Adjusting for population size, the IOM equivalent would be 108 deaths. However, IOM is in the middle of the Irish Sea. We don’t, and can’t possibly have 1/3 of our population crossing our border every day. Nor we live into the multi-generational households that are typical of Southern Europe. Nor, most of us, have so many daily interactions by virtue of working in hospitality. I think, as a fair guess, we would have had half of that number of Covid fatalities. Somewhere between 40-60; at the bottom of that range if effort was put into testing incoming travellers and tracing the social connections of the infected. The looser of this freedom-fighter kind of policy would have been those who have irrational fears about Covid and want the illusion of an entirely Covid-free world.
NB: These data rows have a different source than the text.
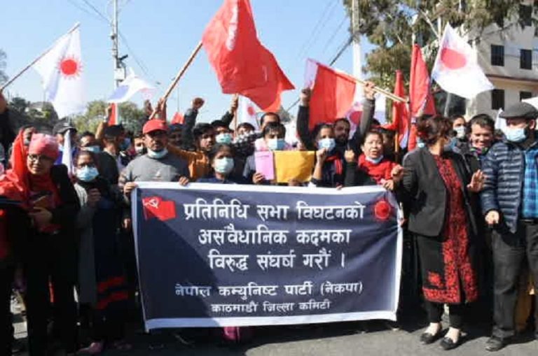 काठमाडौं, २४ पौष । प्रधानमन्त्री केपी शर्मा ओलीले प्रतिनिधिसभा बिघटन गराउने कदम चालेको विरोधमा मुख्य राजनीतिक दलहरु आन्दोलनमा छन् । विशेषगरी नेपाल कम्युनिस्ट पार्टीको प्रचण्ड माधव नेपाल समूह सडक संघर्षमा छ ।
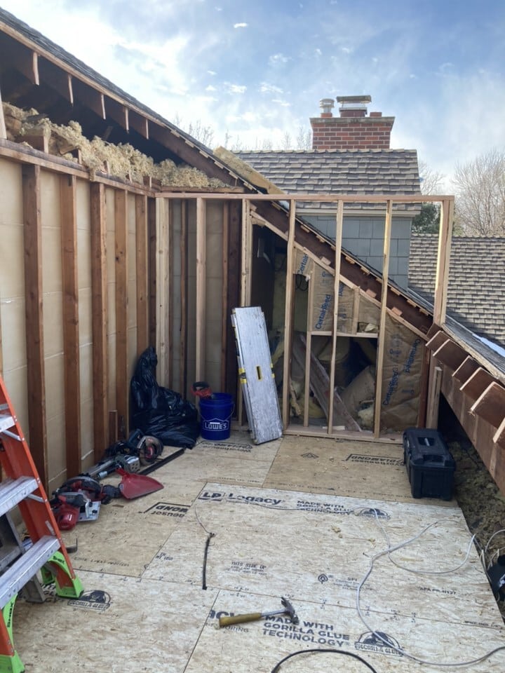 To start, we removed an existing section of the roof. This would allow for the dormer and headroom for the new office space.
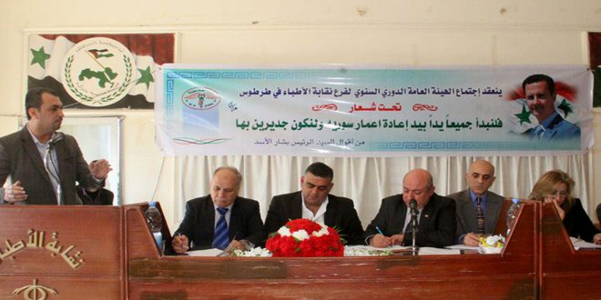 دعا أعضاء المؤتمر السنوي لفرع نقابة الأطباء بطرطوس إلى تحسين واقع عمل الطبيب وتعديل التعرفة الطبية وأجور الأطباء المعتمدين في مؤسسات القطاع العام وفق نظام الصندوق المشترك.
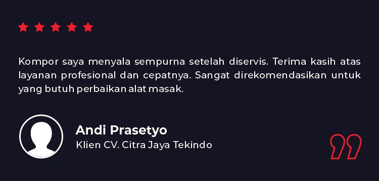 Kami memahami pentingnya fungsi peralatan dapur dalam aktivitas harian Anda. Oleh karena itu, kami berkomitmen memberikan solusi terbaik melalui layanan berkualitas dan spare part original. Kepercayaan pelanggan menjadi prioritas utama kami, dan kami terus berinovasi untuk menjawab kebutuhan servis yang andal dan memuaskan di berbagai wilayah layanan kami.
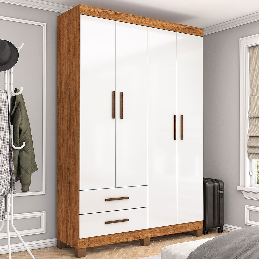 O(a) Guarda-Roupa Solteiro Solo 4 Portas 2 Gavetas com Pés Cinamomo/Branco - Pnr Móveis é produzido em MDP na escala de brilho Fosco e Semi-Brilho, e possui um grau de dificuldade de montagem: Médio.
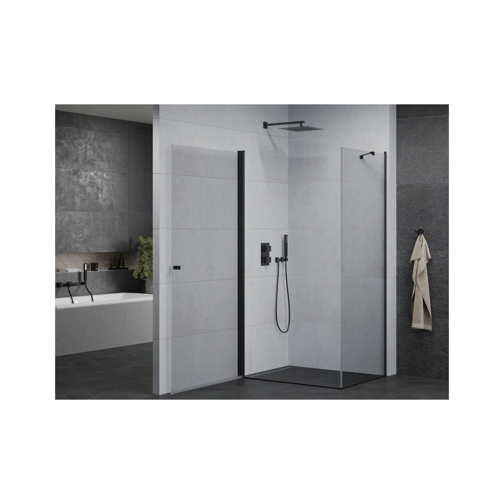 Skvělá volba do každé koupelny. Elegantní sprchový kout je vyroben ze 6 mm silného tvrzeného skla v průchodu procedury. Aplikovaná povrchová úprava skla Easy Clean zajišťuje maximální komfort všem uživatelům. Tato technologie zaručuje jedinečné vlastnosti, aby se zabránilo kontaminaci skla – povrch je pouze opláchnut vodou. Kout je osazen v černých hliníkových profilech a je vybaven těsněním, které zabraňuje úniku vody mimo sprchu kout. Dveře sprchového koutu jsou křídlové s možností otevírání dovnitř nebo ven (nutno zvolit při montáži). K otevírání slouží decentní kovová rukojeť. Dokonalou stabilitu sprchového koutu zajišťuje stabilizační rameno, které je součástí produktu.
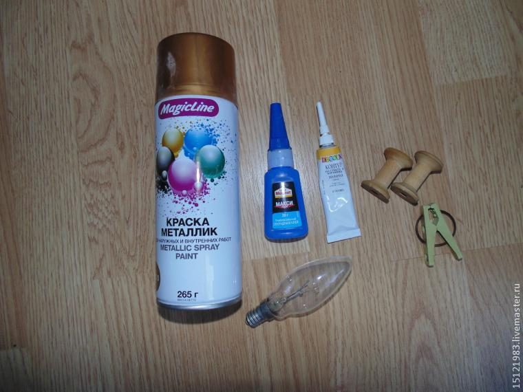 Лампочку перед покраской лучше обезжирить, и можно ее сразу надеть на прищепку.

The winners would have been practically everyone else.

IOMG went for option 1 because it had an easier political justification and it knows the island can possibly afford the cost. But that cost is truly very high and it will result in meager pensions, reduced general welfare and poorer quality health care for many years to come; and certainly many more premature deaths along the line than the liberal third option on the above. Has there been any effort to quantify that and communicate it to the public? If the public had been aware of the options there would have been less blinkered support for the first option. Much less.

[. . .]

 

In reply to jaymann.

When you say “we need a balance” and “we've lost the plot” you are using far too polite and diplomatic language. Maybe because they know who you are. My own opinion about pitchfork-brigate-inspired IOMG policy is expressed by a list of four letter words.
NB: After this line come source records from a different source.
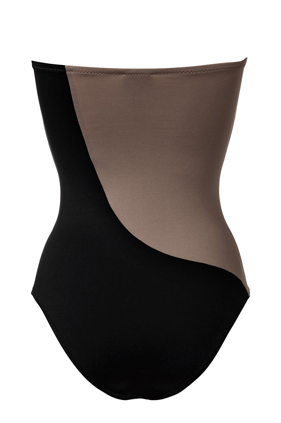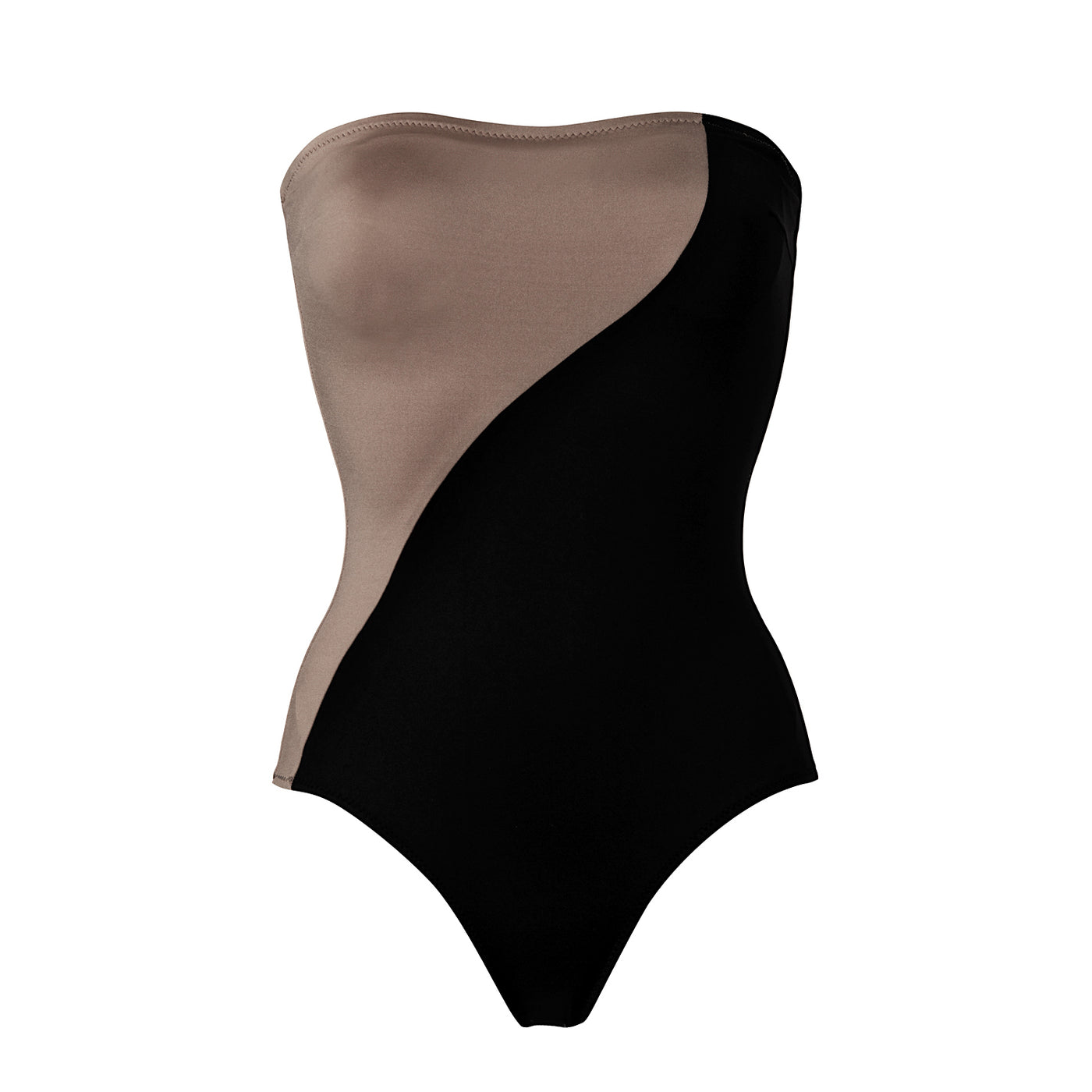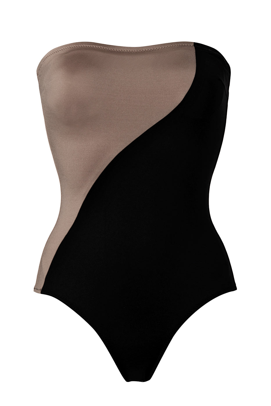Strapless two colour one-piece padded. Premium elasticised at top thick and secure anti-slip and hold and padded. High back. Fully lined.
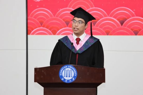 大家下午好!我是我院学部2025届本科毕业生黎诗琪。很荣幸能够作为毕业生代表,在这里同大家分享我的故事。从我第一次踏入三拱门算起,来到湘大求学、生活已经四年了。四年间,湘潭大学深厚悠远的红色底蕴熏陶着我,山清水秀的自然环境滋养着我,踏实刻苦的学风氛围感染着我,雄厚优质的教学资源哺育着我,一千多个日夜,在韶峰湘水之间,我逐渐成长为一个地地道道的湘大人。
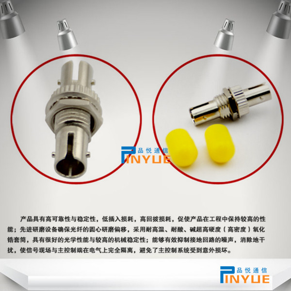产品概念 光纤适配器两端可插入不同接口类型的光纤连接器, 实现FC、SC、ST、LC、MTRJ、MPO、E2000等不同接口间的转换,广泛应用于光纤配线架(ODF)、光纤通信设备、仪器等, 性能超群, 稳定可靠。市面上有的将光纤适配器也叫光纤连接器, 实际上这是两种不同的产品。 主要特性 光纤之间是由适配器通过其内部的开口套管连接起来的,以保证光纤连接器之间的最高连接性能。为了固定在各种面板上,还设计了多种精细的固定法兰。 变换型适配器两端可以连接不同接口类型的光纤连接器, 并提供了APC端面之间的连接. 双联或多联适配器可提高安装密度, 节省空间。 产品类型 根据光纤连接器的不同, 光纤适配器可提供相对应光纤连接器的转接部件. 适用的光纤连接器型号有 FC, SC, ST, LC, MTRJ, E2000 等. 适用的光纤连接器端面有PC, UPC, APC等. SC代表Standard Connector。 ST代表Straight Tip。 FC代表Fiber Connector。 “/”前面部分表示适用的光纤连接器型号。 “SC”接头是标准方型接头,采用工程塑料,具有耐高温,不容易氧化优点。传输设备侧光接口一般用SC接头。 “LC”接头与SC接头形状相似,较SC接头小一些。 “FC”接头是金属接头,一般在ODF侧采用,金属接头的可插拔次数比塑料要多。 连接器的品种型号较多,除了上面介绍的三种外,还有MTRJ、ST、MU等,具体的外观参见下图。 /”后面表明光纤接头截面工艺,即研磨方式。 “PC”在电信运营商的设备中应用得最为广泛,其接头截面是平的。 “UPC”的衰耗比“PC”要小,一般用于有特殊需求的设备,一些国外厂家ODF架内部跳纤用的就是FC/UPC,主要是为提高ODF设备自身的指标。 "APC" 表示斜8度角抛光,在广电和早期的CATV中应用较多的是“APC”型号,其尾纤头采用了带倾角的端面,可以改善电视信号的质量,主要原因是电视信号是模拟光调制,当接头耦合面是垂直的时候,反射光沿原路径返回。由于光纤折射率分布的不均匀会再度返回耦合面,此时虽然能量很小但由于模拟信号是无法彻底消除噪声的,所以相当于在原来的清晰信号上叠加了一个带时延的微弱信号,表现在画面上就是重影。尾纤头带倾角可使反射光不沿原路径返回。一般数字信号一般不存在此问题。 光纤连接器是光纤与光纤之间进行可拆卸(活动)连接的器件,它是把光纤的两个端面精密对接起来,以使发射光纤输出的光能量能最大限度地耦合到接收光纤中去,并使由于其介入光链路而对系统造成的影响减到最小,这是光纤连接器的基本要求。在一定程度上,光纤连接器也影响了光传输系统的可靠性和各项性能。 光纤连接器按传输媒介的不同可分为常见的硅基光纤的单模、多模连接器,还有其它如以塑胶等为传输媒介的光纤连接器;按连接头结构形式可分为:FC、SC、ST、LC、D4、DIN、MU、MT等等各种形式。其中,ST连接器通常用于布线设备端,如光纤配线架、光纤模块等;而SC和MT连接器通常用于网络设备端。按光纤端面形状分有FC、PC(包括SPC或UPC)和APC;按光纤芯数划分还有单芯和多芯(如MT-RJ)之分。光纤连接器应用广泛,品种繁多。在实际应用过程中, 们一般按照光纤连接器结构的不同来加以区分。以下是一些目前比较常见的光纤连接器: FC型:这种连接器最早是由日本NTT研制。FC是FERRULE CONNECTOR的缩写,表明其外部加强方式是采用金属套,紧固方式为螺丝扣。最早,FC类型的连接器,采用的陶瓷插针的对接端。此类连接器结构简单,操作方便,制作容易,但光纤端面对微尘较为敏感,且容易产生菲涅尔反射,提高回波损耗性能较为困难。后来,对该类型连接器做了改进,采用对接端面呈球面的插针(PC),而外部结构没有改变,使得插入损耗和回波损耗性能有了较大幅度的提高。 SC型:这是一种由日本NTT公司开发的光纤连接器。其外壳呈矩形,所采用的插针与耦合套筒的结构尺寸与FC型完全相同,。其中插针的端面多采用PC或APC型研磨方式;紧固方式是采用插拔销闩式,不需旋转。此类连接器价格低廉,插拔操作方便,介入损耗波动小,抗压强度较高,安装密度高。 ST和SC接口是光纤连接器的两种类型,对于10BASE-F连接来说,连接器通常是ST类型的,对于100BASE-FX来说,连接器大部分情况下为SC类型的。ST连接器的芯外露,SC连接器的芯在接头里面。 双锥型:这类光纤连接器中最有代表性的产品由美国贝尔实验室开发研制,它由两个经精密模压成形的端头呈截头圆锥形的圆筒插头和一个内部装有双锥形塑料套筒的耦合组件组成。 DIN47256型:这是一种由德国开发的连接器。这种连接器采用的插针和耦合套筒的结构尺寸与FC型相同,端面处理采用PC研磨方式。与FC型连接器相比,其结构要复杂一些,内部金属结构中有控制压力的弹簧,可以避免因插接压力过大而损伤端面。另外,这种连接器的机械精度较高,因而介入损耗值较小。 MT-RJ起步于NTT开发的MT连接器,带有与RJ-45型LAN电连接器相同的闩锁机构,通过安装于小型套管两侧的导向销对准光纤,为便于与光收发信机相连,连接器端面光纤为双芯(间隔0.75MM)排列设计,是主要用于数据传输的下一代高密度光纤连接器。 LC型连接器是著名BELL(贝尔)研究所研究开发出来的,采用操作方便的模块化插孔(RJ)闩锁机理制成。其所采用的插针和套筒的尺寸是普通SC、FC等所用尺寸的一半,为1.25MM。这样可以提高光纤配线架中光纤连接器的密度。目前,在单模SFF方面,LC类型的连接器实

The 7% figure quoted by PHE and some posters on this forums is based on having only one test on arrival and that’s it. There is nothing to stop having multiple tests of those who arrived recently, spaced a few days apart, and to submit them to an intermediate level of self-isolation in which one is asked to avoid offices/pubs/gyms etc but allowed out for physical exercise and shopping. That is what Switzerland is actually doing.

Some travellers will break the rules and get away with it. But most will behave responsibly and the experience of Jersey, Denmark, Iceland etc shows that it is enough to keep community spread under control. What we have at the moment is far from secure, because family members of those who have just arrived are not required to isolate. Testing with more freedom would actually be safer.